Under NLEM 2015, the regulator has capped the prices of 871 essential drugs along with approval of retail prices of 642 drugs as ‘new drugs’ because of statutory provisions. However, the trend of migration from scheduled to non-scheduled category is obvious from the growth rate of NLEM and non-NLEM drugs in 2017 where the rate of growth of the latter is almost double the rate of the former. “This issue needs to be addressed through policy intervention,” the regulator has observed in its analysis.

The report also highlights the helplessness of the price regulator in the case of consumables. “The charges on consumables are one-tenth of the total bills and more than two times the expenditure on scheduled drugs. These consumables are not under any kind of price control or monitoring of MRPs since they are not even listed as ‘drugs’ under Drugs and Cosmetics Act. NPPA can neither monitor the MRPs nor bring these disposables under price control even in public interest under extraordinary conditions,” the report says.   

“This is an anomaly in the policy that needs to be rectified. The solution is immediate price regulation of devices coming under the definition of drug and commonly used consumables like surgical masks and gloves,” a healthcare professional opined. As per the report, these commonly used consumables make up a whopping 10 per cent of the medical bill.

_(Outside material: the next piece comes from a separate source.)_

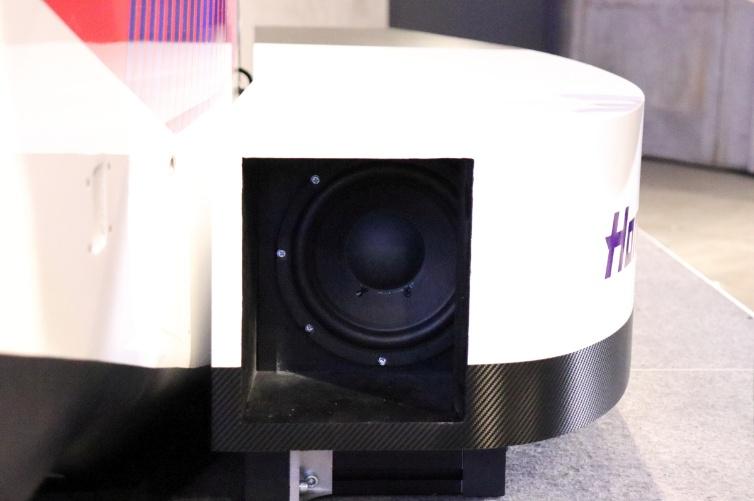 新たに披露された「Honda eMS SIM-01」特徴として音響面のアップデートが何度も挙げられていましたが、スピーカー位置はドライバーの周囲を囲むように前後左右4つ配置されています。さらにロードノイズなどの低周波を再現するために、サイドポンツーン(レーシングカーのコックピット両脇に張り出した部分)内部にサブウーファーを内蔵しています。

In fact, the NPPA, in its recent order on coronary stent price revision, has directed hospitals to mention the cost of main consumables during angioplasty procedure to increase transparency in billing process. The directive was issued amid allegations that the cost of main consumables used in angioplasty -- cardiac catheters, balloon catheter and guide wire-- had skyrocketed after the capping of stent prices as many healthcare institutions tried to make up for the huge margins they lost on stents.

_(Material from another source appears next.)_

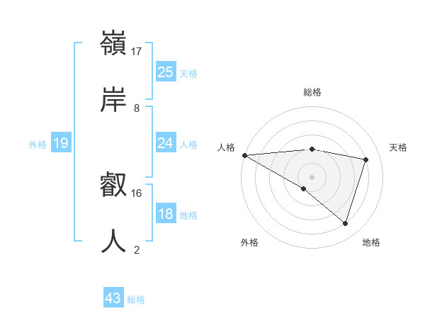 嶺岸 叡人さんの総格は43画の2点!

The report also sheds light on overcharging by hospitals in diagnostic services. These services constitute more than 15 per cent of the total medial expenditure and the charges are invariably higher than the rates offered by independently run private centres. But the regulator itself admits that the issue is beyond its or the Central government’s purview and state-specific laws are imperative to deal with the problem.